One of the more common types of business lawsuits, breach of contract cases cover a wide range of business activities from failure to deliver purchased products to whether parties had completed a contract at all. The typical damages that an aggrieved party can recover are those that would put it in the same position as if the breaching had properly performed the contract.
In other instances, a contract may specify the damages that the court should award (a liquidated damages clause), or the court may order that the breaching party perform (specific performance). If you are involved in a breach of contract dispute, a Monmouth County business lawyer can help you determine what options you have.
Breach of Contract – Failure to Perform
NBA star Dwyane Wade recently settled a $25 million lawsuit involving a breach of contract claim that two former partners brought against Wade. The three had been involved in a business deal that would open a chain of sports restaurants bearing Wade’s likeness and name. The partners sued when they refused to meet Wade and his business associate’s demand to increase Wade’s stake in the business. Wade made the demand after he claimed that one of the partners refused to meet a particular responsibility.
The settlement incorporated several breach of contract claims that the partners had made against Wade. They had also accused Wade of not performing a contract that would license his name to two charter schools. The case had actually gone to trial, with Wade testifying for nine hours over the course of the three days. The sides were able to come to a settlement before the jury returned a verdict.
Breach of Contract – Debate on Whether the Contract Existed
Problems sometimes arise when two sides enter into contract negotiations, but it is not clear whether there was a so-called “meeting of the minds” or final agreement. One side may pursue a breach of contract claim when it begins to perform on the assumption that there was in fact a contract between the two sides. Actor Robin Williams recently sued a film studio for $6 million on these grounds. The actor argued that the studio promised to “pay or play” for a cop comedy film that the studio never produced.

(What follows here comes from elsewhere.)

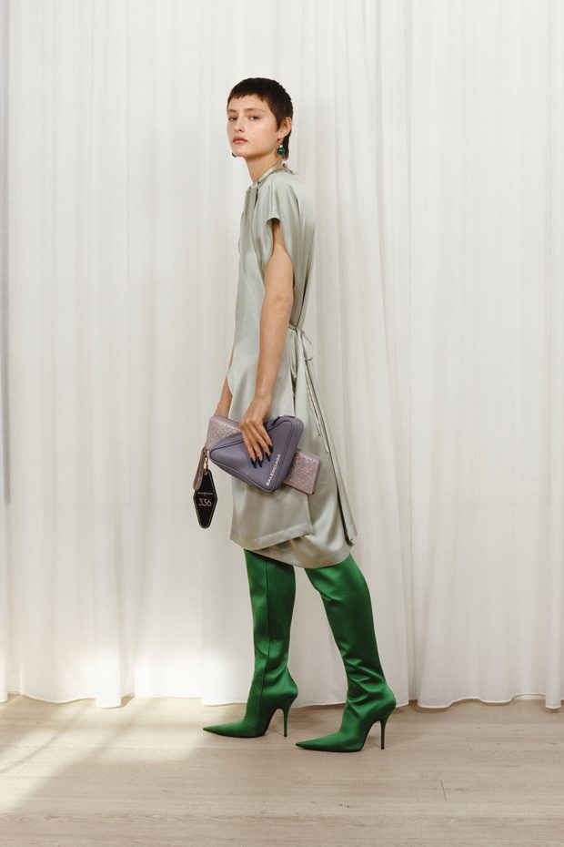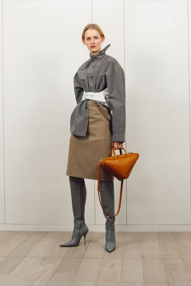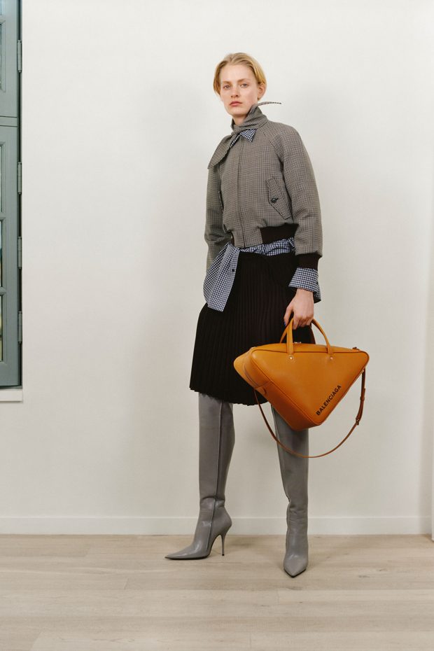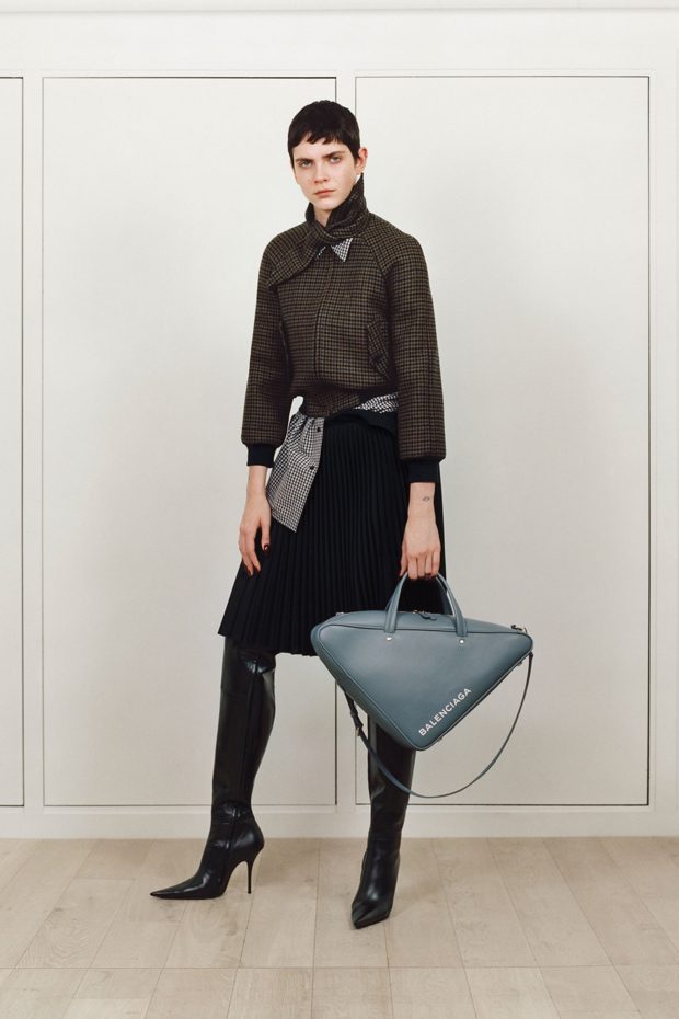 Discover Demna Gvasalia’s Pre-Fall 2017 collection for BALENCIAGA, featuring the house’s recognisable pointed boots, 70s-inspired florals, Bazaar market bags.

Complicating matters in this case was the fact that there several areas on which the actor and the studio agreed. Nevertheless, the studio countered, there was no signed contract between the two sides. A signed contract is not always required, but, in this case, it would have bolstered the actor’s arguments. The judge ultimately dismissed Williams’s lawsuit, finding that there was never a contract between the actor and the studio. She wrote that there was only an “agreement to agree,” which did not constitute a contract because the essential terms of the agreement were not in it.